Exercise: Omit the images and output every line of the data below exactly.

Entries taken from a collection:
---
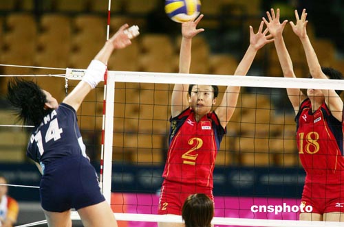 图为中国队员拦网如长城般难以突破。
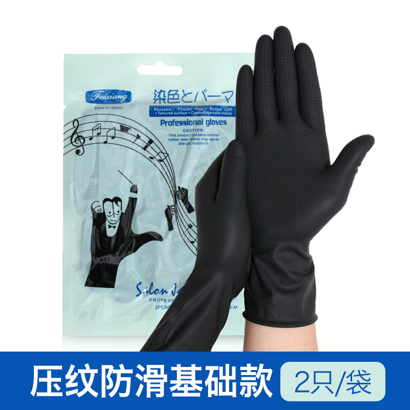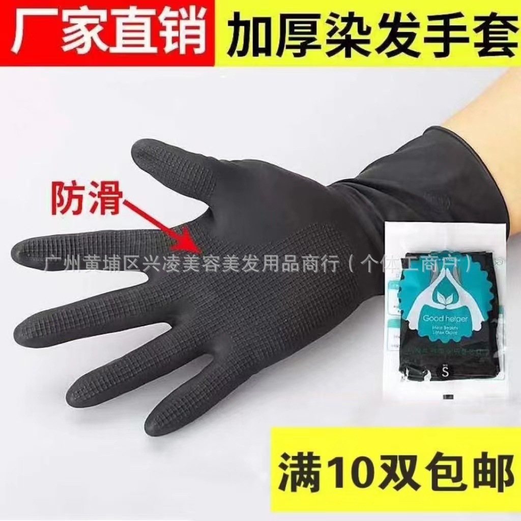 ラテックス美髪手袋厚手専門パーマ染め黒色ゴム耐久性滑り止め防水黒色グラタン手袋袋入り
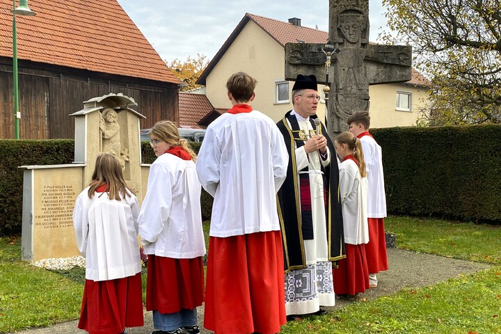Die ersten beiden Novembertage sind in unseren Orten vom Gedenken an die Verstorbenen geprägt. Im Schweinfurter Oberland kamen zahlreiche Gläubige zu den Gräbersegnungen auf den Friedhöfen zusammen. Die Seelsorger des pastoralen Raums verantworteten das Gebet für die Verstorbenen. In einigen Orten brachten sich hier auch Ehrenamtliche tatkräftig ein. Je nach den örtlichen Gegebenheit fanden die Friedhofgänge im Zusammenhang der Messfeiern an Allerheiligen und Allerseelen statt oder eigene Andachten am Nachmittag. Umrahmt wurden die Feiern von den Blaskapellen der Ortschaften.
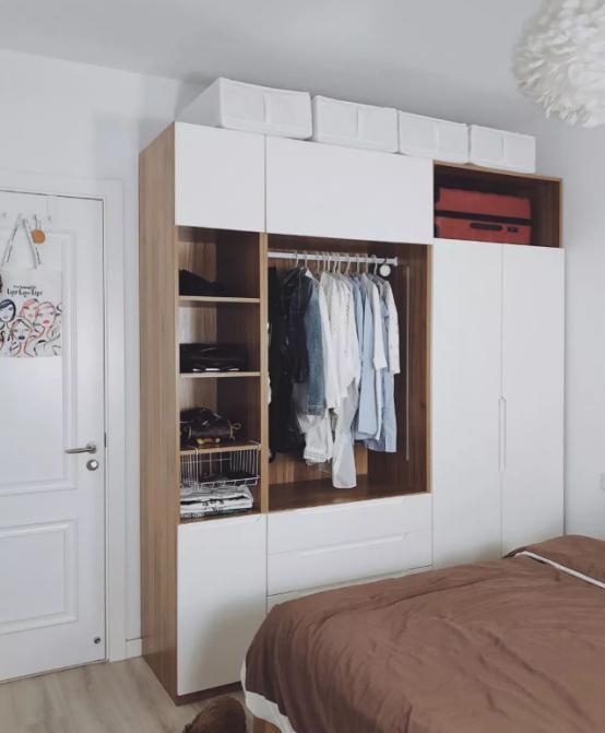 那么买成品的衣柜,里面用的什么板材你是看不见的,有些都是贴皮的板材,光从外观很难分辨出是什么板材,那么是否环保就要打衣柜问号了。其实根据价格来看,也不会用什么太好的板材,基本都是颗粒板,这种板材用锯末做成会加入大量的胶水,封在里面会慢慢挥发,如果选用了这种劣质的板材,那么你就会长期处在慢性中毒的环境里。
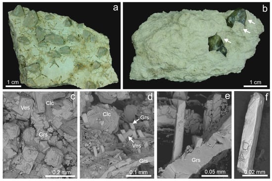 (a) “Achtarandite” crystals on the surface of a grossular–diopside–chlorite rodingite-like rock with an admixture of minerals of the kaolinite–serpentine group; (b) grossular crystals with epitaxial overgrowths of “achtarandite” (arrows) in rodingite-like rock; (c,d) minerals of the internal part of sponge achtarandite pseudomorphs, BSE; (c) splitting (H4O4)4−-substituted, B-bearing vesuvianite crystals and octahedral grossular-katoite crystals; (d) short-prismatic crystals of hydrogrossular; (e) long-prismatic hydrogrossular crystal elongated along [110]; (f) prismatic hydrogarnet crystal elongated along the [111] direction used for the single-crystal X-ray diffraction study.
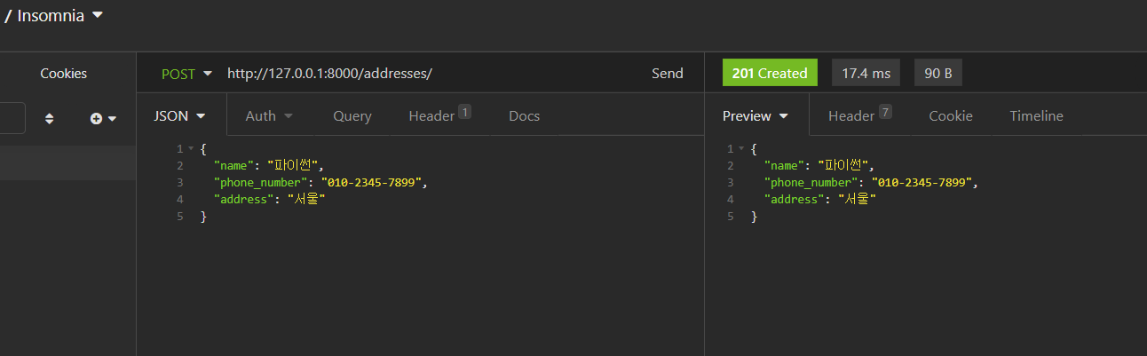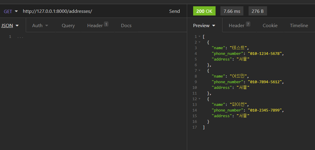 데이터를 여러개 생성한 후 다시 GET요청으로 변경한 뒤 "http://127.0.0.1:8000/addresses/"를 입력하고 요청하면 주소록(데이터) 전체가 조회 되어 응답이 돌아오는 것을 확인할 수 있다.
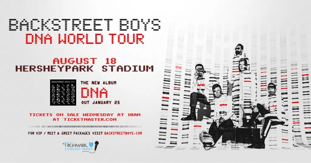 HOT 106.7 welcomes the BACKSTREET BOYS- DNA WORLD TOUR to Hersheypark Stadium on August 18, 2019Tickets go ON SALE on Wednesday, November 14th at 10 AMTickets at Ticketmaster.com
---
Exercise solution:
 图为中国队员拦网如长城般难以突破。
 ラテックス美髪手袋厚手専門パーマ染め黒色ゴム耐久性滑り止め防水黒色グラタン手袋袋入り
Die ersten beiden Novembertage sind in unseren Orten vom Gedenken an die Verstorbenen geprägt. Im Schweinfurter Oberland kamen zahlreiche Gläubige zu den Gräbersegnungen auf den Friedhöfen zusammen. Die Seelsorger des pastoralen Raums verantworteten das Gebet für die Verstorbenen. In einigen Orten brachten sich hier auch Ehrenamtliche tatkräftig ein. Je nach den örtlichen Gegebenheit fanden die Friedhofgänge im Zusammenhang der Messfeiern an Allerheiligen und Allerseelen statt oder eigene Andachten am Nachmittag. Umrahmt wurden die Feiern von den Blaskapellen der Ortschaften.
 那么买成品的衣柜,里面用的什么板材你是看不见的,有些都是贴皮的板材,光从外观很难分辨出是什么板材,那么是否环保就要打衣柜问号了。其实根据价格来看,也不会用什么太好的板材,基本都是颗粒板,这种板材用锯末做成会加入大量的胶水,封在里面会慢慢挥发,如果选用了这种劣质的板材,那么你就会长期处在慢性中毒的环境里。
 (a) “Achtarandite” crystals on the surface of a grossular–diopside–chlorite rodingite-like rock with an admixture of minerals of the kaolinite–serpentine group; (b) grossular crystals with epitaxial overgrowths of “achtarandite” (arrows) in rodingite-like rock; (c,d) minerals of the internal part of sponge achtarandite pseudomorphs, BSE; (c) splitting (H4O4)4−-substituted, B-bearing vesuvianite crystals and octahedral grossular-katoite crystals; (d) short-prismatic crystals of hydrogrossular; (e) long-prismatic hydrogrossular crystal elongated along [110]; (f) prismatic hydrogarnet crystal elongated along the [111] direction used for the single-crystal X-ray diffraction study.
 데이터를 여러개 생성한 후 다시 GET요청으로 변경한 뒤 "http://127.0.0.1:8000/addresses/"를 입력하고 요청하면 주소록(데이터) 전체가 조회 되어 응답이 돌아오는 것을 확인할 수 있다.
 HOT 106.7 welcomes the BACKSTREET BOYS- DNA WORLD TOUR to Hersheypark Stadium on August 18, 2019Tickets go ON SALE on Wednesday, November 14th at 10 AMTickets at Ticketmaster.com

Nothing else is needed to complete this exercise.